I shall eat feijoas while sleeping on the couch and enjoy every bite.

April 7, 2009

I had a life-altering experience on the weekend. And by that I mean I saw my life flash before my eyes and wished I could go back and alter parts of it.

This occurred during the drive from Napier to Gisborne, an outing designed to show Jenn more of the New Zealand countryside before she leaves for home. Because Viking Woman has been known to regurgitate her stomach lining should she be seated anywhere in a moving vehicle other than behind the wheel, Jenn and I were unanimous in our agreement that she should drive.

Viking Woman has traveled this route several times over the past year. She knows when the hairpin corners are coming; she knows when it’s safe to pass. She knows when to brake before the car goes spiralling off the narrow road and into the abyss.

Jenn and I do not know these things. And so we could only hang on for dear life, grit our teeth, close our eyes and try not to scream like 12-year-old girls. Or, in Jenn’s case, like a twentysomething girl.

It is common knowledge that no one appreciates having their driving criticized. And yet I somehow felt it my duty to casually mention to Viking Woman that she might want to slow down just a bit lest we all die in a flaming crash. I may have also mentioned something about currently undergoing the unique experience of reviewing the highlights of  my life and, even though I appreciated remembering what my parents gave me for my eighth birthday, I did not want the image of gaudily-wrapped socks and underwear to be my final thought as we plunged onto the jagged rocks below.

Viking Woman was kind enough to slow down. And then she was kind enough to tell me she hoped I enjoyed sleeping on the couch for the duration of our marriage. Pillows optional and at her discretion.

Hey, at least she was kind.

This was our first weekend in Gisborne in nearly five years. That meant we were able to take Jenn to the market by the iSite, where the first visual of Gisborne enjoyed by visitors alighting from the bus is that of a totem pole donated by the British Columbia government. A little piece of Canada residing in the first city in the world to see the new day. A little reminder of how the B.C. government spends my tax money. At least it wasn’t wasted on feeding the homeless or something equally frivolous.
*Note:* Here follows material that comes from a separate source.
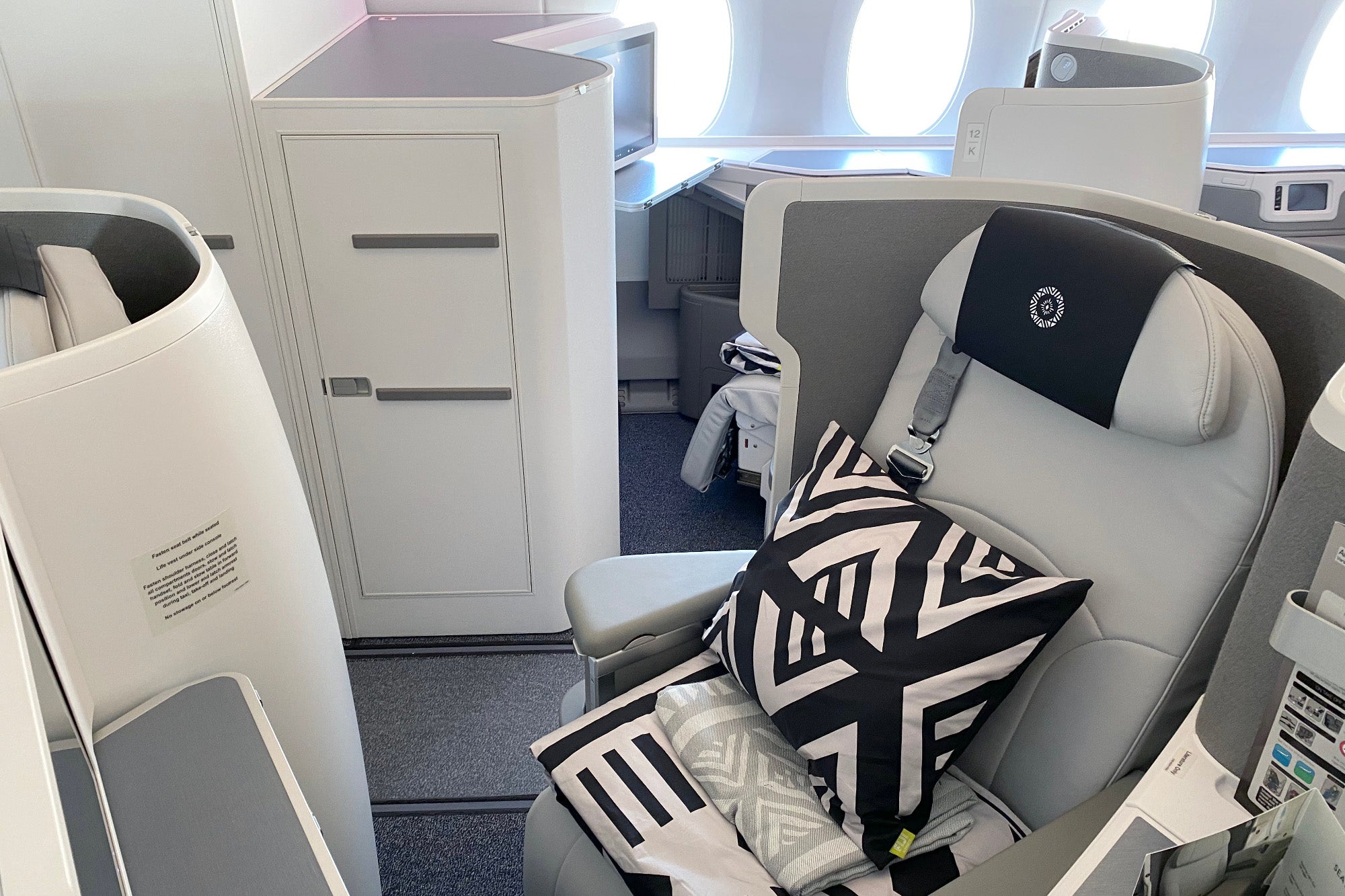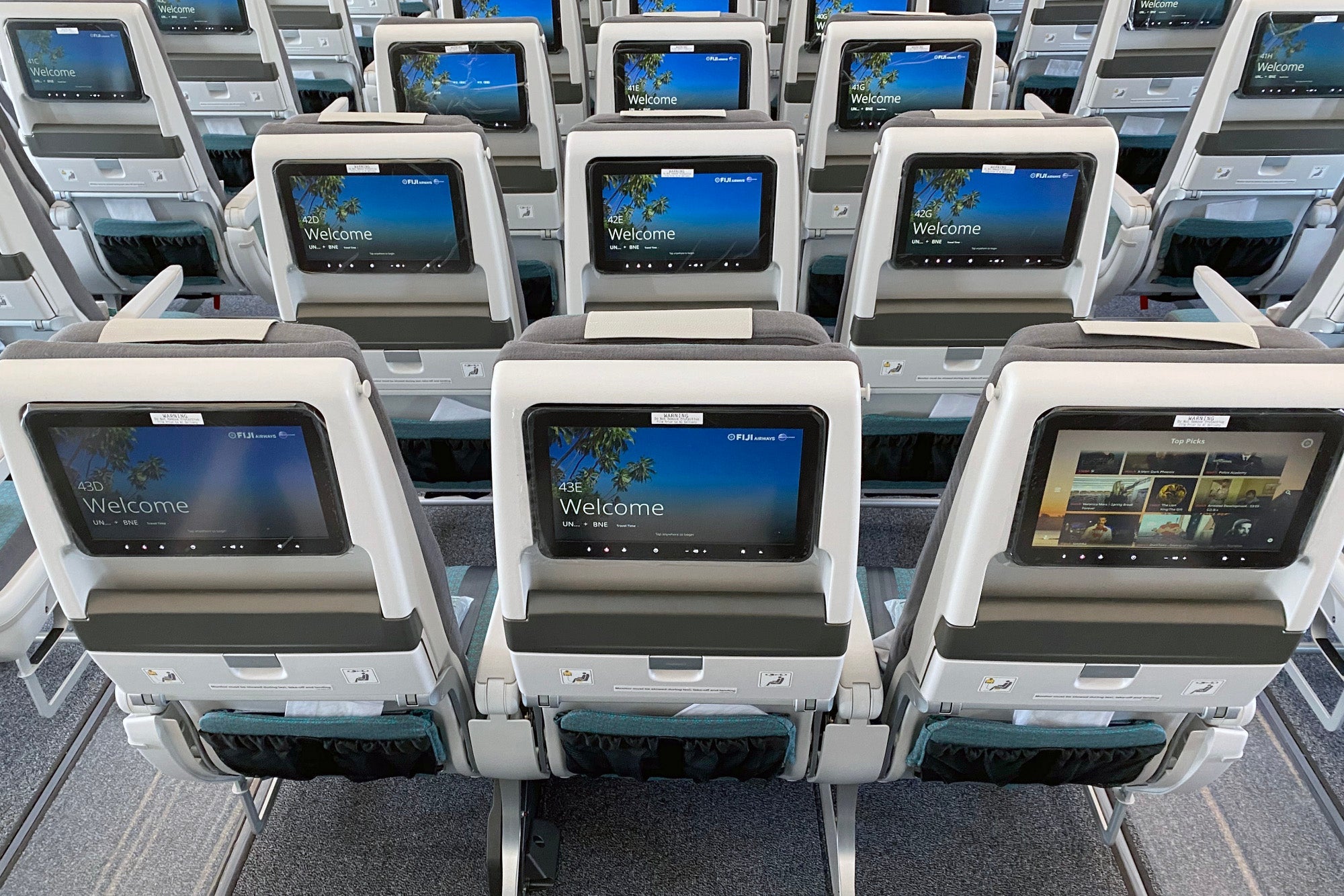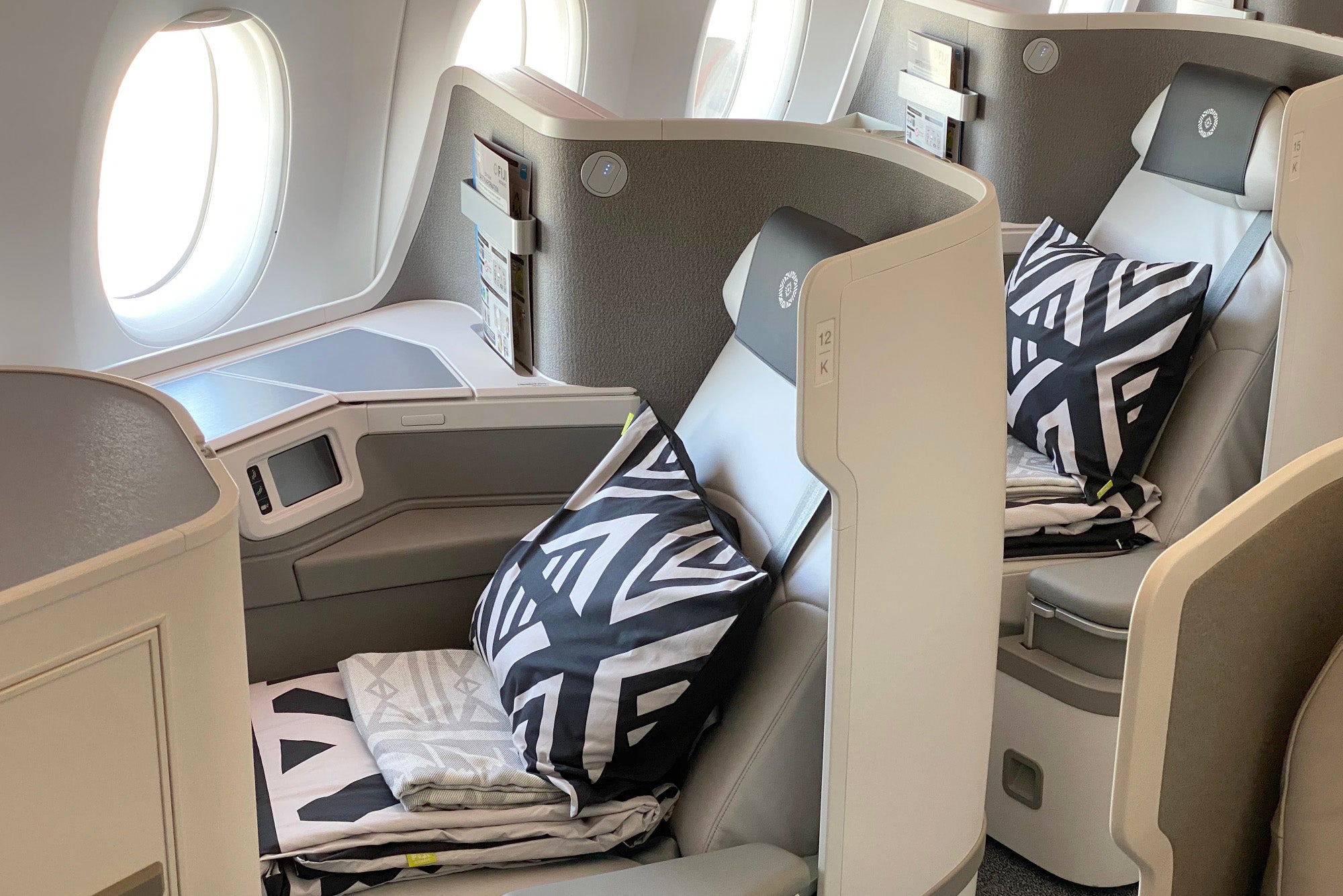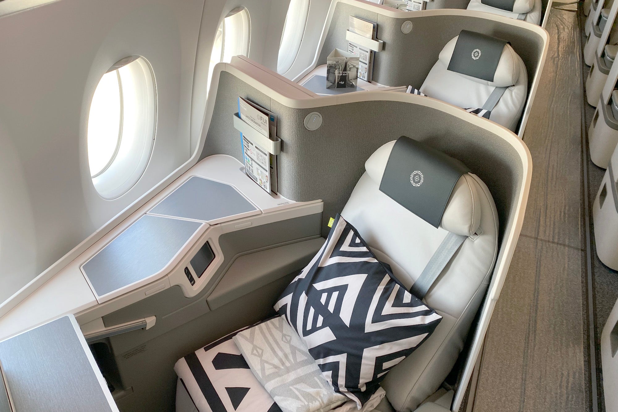 Fiji's A350 has a total of 33 Collins Aerospace Super Diamond business-class seats, all arranged in a 1-2-1 configuration. While some carriers based at leisure destinations continue to opt for a couples-friendly 2-2-2 arrangement — like Hawaiian with its A330s and Air Tahiti Nui with its 787-9 Dreamliners — Fiji Airways went for a more-competitive all-aisle-access product.

Jenn was astounded to hear that the market vendors often set up well before dawn because Gisbonites like to buy their fruit and vegetables in the early hours so they have the rest of the day to enjoy the finer aspects of life. Which is to say, rugby and, um, well, more rugby.

She was also surprised to see so many Maoris. “Don’t leave me here,” she whispered to me, having had little previous experience to that point with New Zealand’s indigenous people. But she did screw up her courage enough to ask one lady adorned with a chin moko (tattoo) to pose for a photo.

It was an hour or so later before we discovered Gisborne now has two markets of a Saturday morning. In fact, the original one is now referred to, somewhat disdainfully, as a “flea market,” while the one that starts at the more civilized hour of 9 a.m. is the “farmers’ market.”

The latter has more upscale (read expensive) offerings. It also has more white (pakeha) folk in attendance.

Sometime during our absence from Gisborne, it was decided to leave all that shopping in the dark activity to the locals and those who need cheaper produce prices just to survive. Personally, I like that one better. I bought a huge bag of feijoas there for 50 cents, and then failed to spot a single one of my all-time favorite fruit at the second market. No room, I guess, what with all the vending spaces being taken up by those selling wine and flowers and cheeses and designer breads and organic eggplants.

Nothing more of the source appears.